Records from a dataset
##########

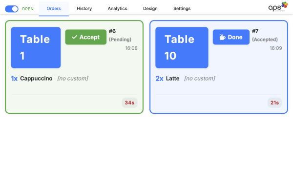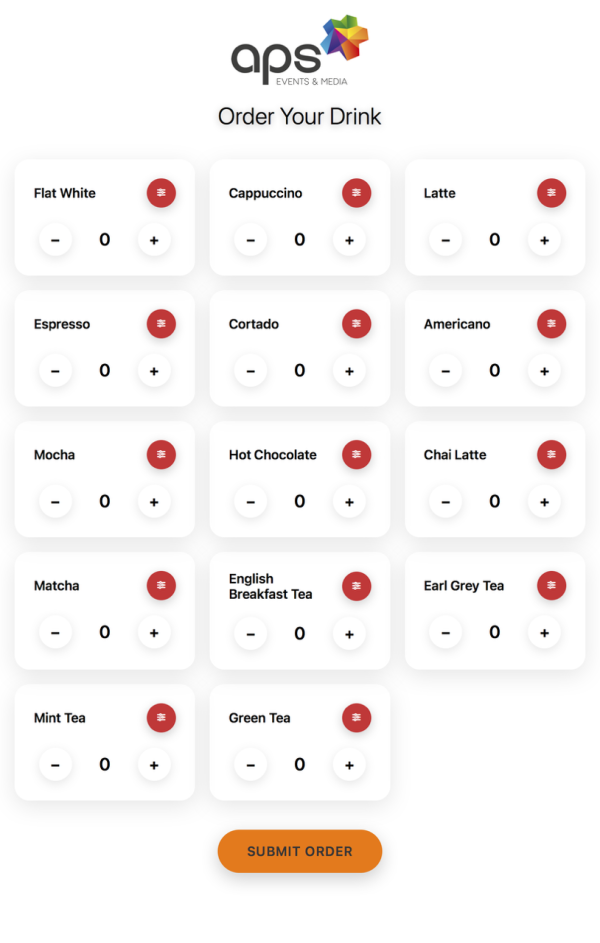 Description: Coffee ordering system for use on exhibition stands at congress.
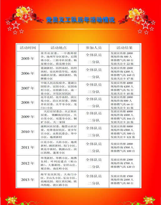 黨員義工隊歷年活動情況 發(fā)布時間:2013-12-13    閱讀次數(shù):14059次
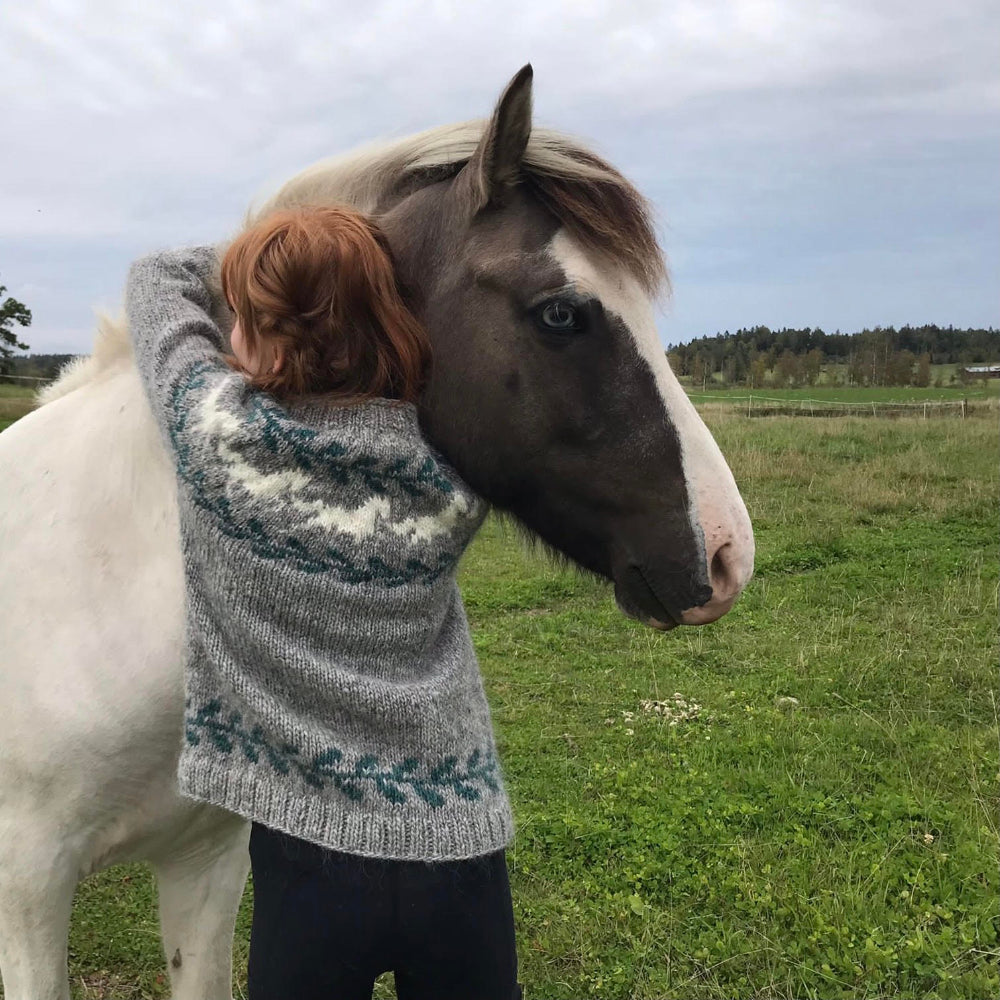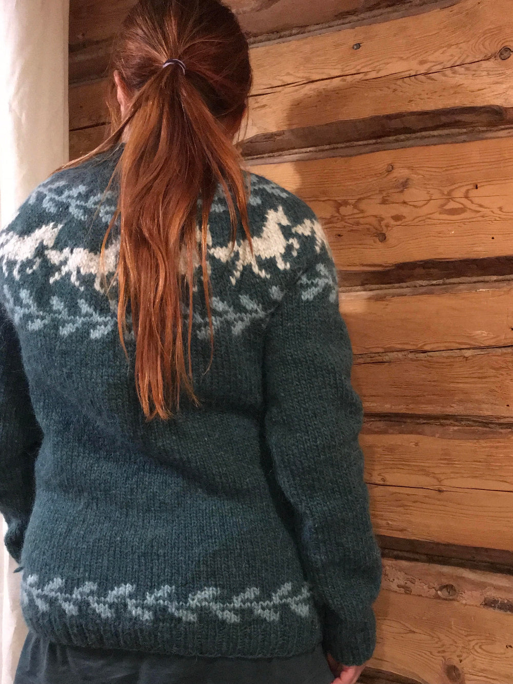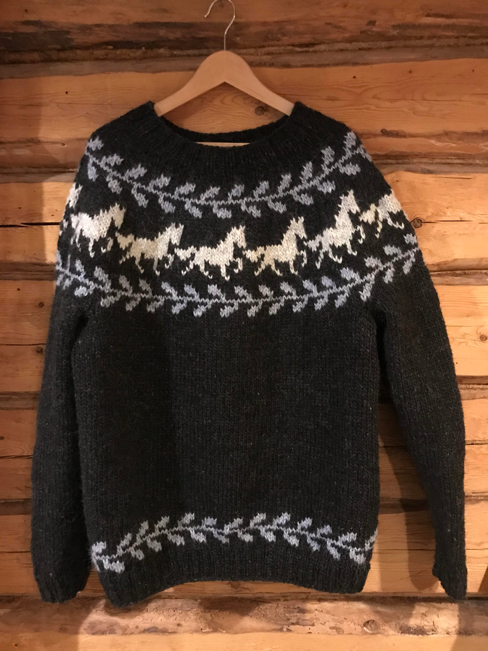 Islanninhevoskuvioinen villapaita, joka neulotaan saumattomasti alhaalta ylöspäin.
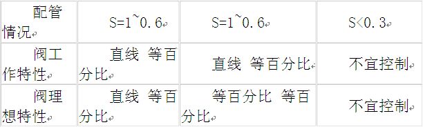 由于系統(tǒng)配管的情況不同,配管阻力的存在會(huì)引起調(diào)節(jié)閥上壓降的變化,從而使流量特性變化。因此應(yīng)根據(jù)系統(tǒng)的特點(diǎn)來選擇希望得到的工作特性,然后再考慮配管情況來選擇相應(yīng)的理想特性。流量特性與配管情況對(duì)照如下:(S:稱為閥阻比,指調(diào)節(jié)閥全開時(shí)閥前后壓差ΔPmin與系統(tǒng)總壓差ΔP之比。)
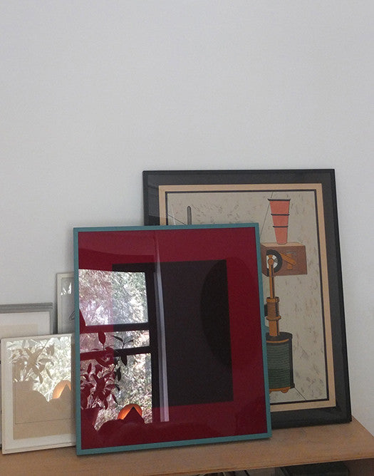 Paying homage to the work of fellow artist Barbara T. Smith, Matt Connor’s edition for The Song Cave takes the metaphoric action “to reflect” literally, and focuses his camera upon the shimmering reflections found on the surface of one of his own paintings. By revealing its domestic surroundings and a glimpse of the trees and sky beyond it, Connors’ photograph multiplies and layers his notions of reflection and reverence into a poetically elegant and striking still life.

##########

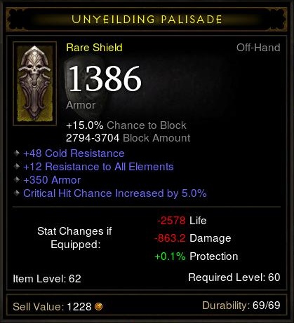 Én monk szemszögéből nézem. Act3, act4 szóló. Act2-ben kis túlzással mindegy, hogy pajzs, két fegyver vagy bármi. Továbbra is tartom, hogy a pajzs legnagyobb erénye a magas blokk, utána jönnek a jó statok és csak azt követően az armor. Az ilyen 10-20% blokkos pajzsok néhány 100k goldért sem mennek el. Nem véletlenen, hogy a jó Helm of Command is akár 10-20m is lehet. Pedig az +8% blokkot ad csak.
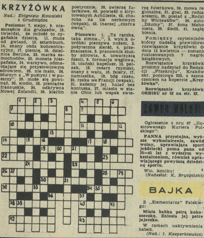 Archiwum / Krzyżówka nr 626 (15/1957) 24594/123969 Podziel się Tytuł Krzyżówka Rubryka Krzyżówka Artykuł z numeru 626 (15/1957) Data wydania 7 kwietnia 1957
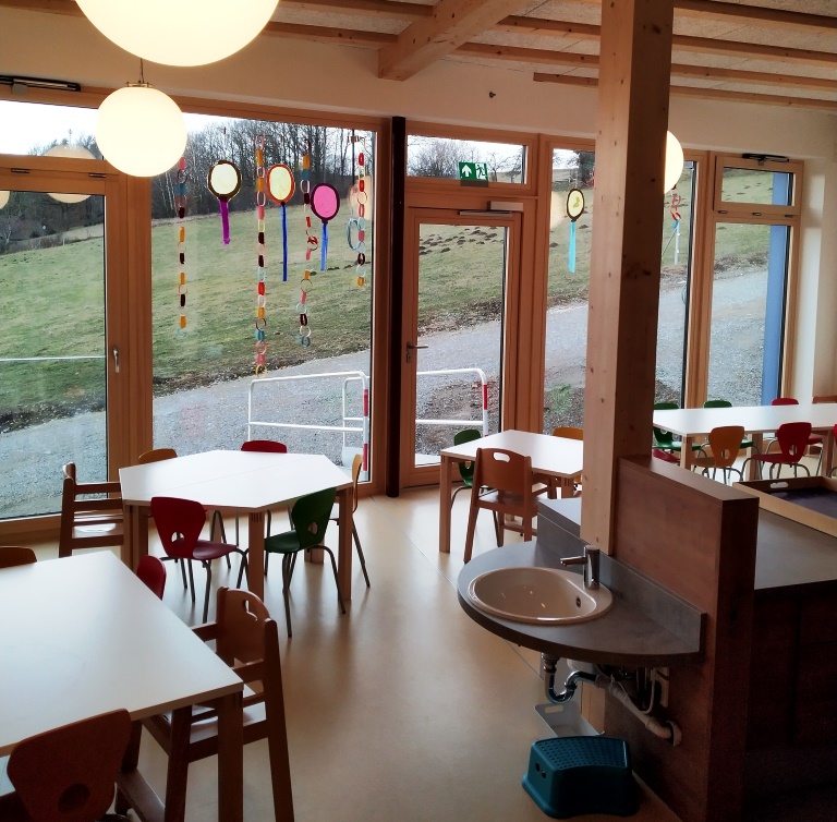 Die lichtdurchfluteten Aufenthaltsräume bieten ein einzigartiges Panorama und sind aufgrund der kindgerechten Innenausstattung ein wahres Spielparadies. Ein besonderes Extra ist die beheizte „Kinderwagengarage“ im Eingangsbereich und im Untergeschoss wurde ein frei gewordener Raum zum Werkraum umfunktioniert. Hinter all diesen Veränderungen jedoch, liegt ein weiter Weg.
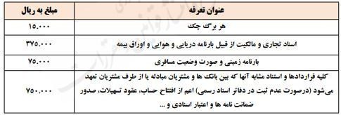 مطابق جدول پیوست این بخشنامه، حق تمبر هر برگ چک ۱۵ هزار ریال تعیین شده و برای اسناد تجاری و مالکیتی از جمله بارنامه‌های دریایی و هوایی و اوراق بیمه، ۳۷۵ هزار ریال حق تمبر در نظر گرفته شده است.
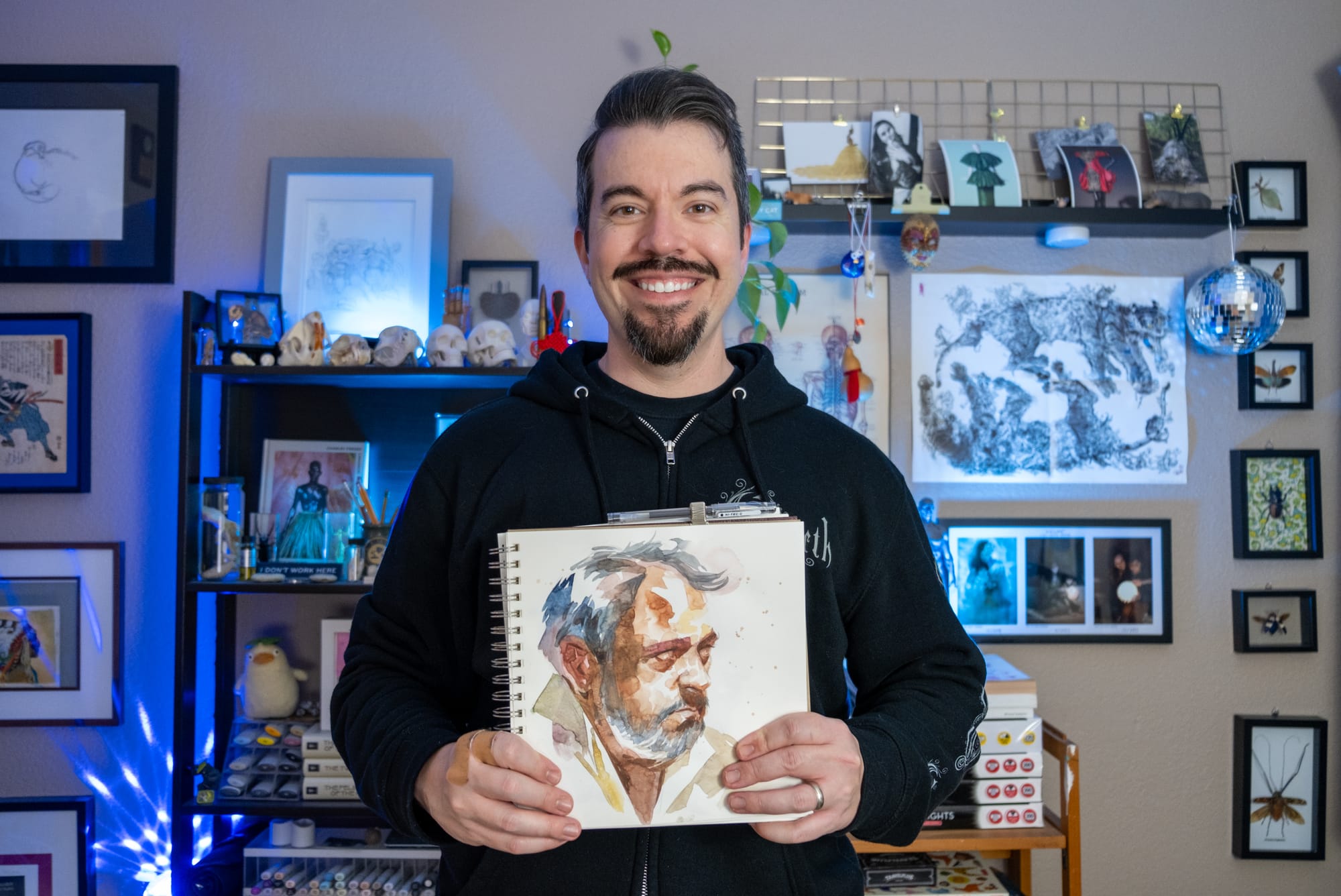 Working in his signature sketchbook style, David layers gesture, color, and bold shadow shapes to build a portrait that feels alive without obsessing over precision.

##########

*EXERCISE AIM*
The answer is the lines above from the one with "Description: Coffee ordering" to the one with "Paying homage to", set down exactly, with no pictures.

*RESPONSE BOX*
 Description: Coffee ordering system for use on exhibition stands at congress.
 黨員義工隊歷年活動情況 發(fā)布時間:2013-12-13    閱讀次數(shù):14059次
 Islanninhevoskuvioinen villapaita, joka neulotaan saumattomasti alhaalta ylöspäin.
 由于系統(tǒng)配管的情況不同,配管阻力的存在會(huì)引起調(diào)節(jié)閥上壓降的變化,從而使流量特性變化。因此應(yīng)根據(jù)系統(tǒng)的特點(diǎn)來選擇希望得到的工作特性,然后再考慮配管情況來選擇相應(yīng)的理想特性。流量特性與配管情況對(duì)照如下:(S:稱為閥阻比,指調(diào)節(jié)閥全開時(shí)閥前后壓差ΔPmin與系統(tǒng)總壓差ΔP之比。)
 Paying homage to the work of fellow artist Barbara T. Smith, Matt Connor’s edition for The Song Cave takes the metaphoric action “to reflect” literally, and focuses his camera upon the shimmering reflections found on the surface of one of his own paintings. By revealing its domestic surroundings and a glimpse of the trees and sky beyond it, Connors’ photograph multiplies and layers his notions of reflection and reverence into a poetically elegant and striking still life.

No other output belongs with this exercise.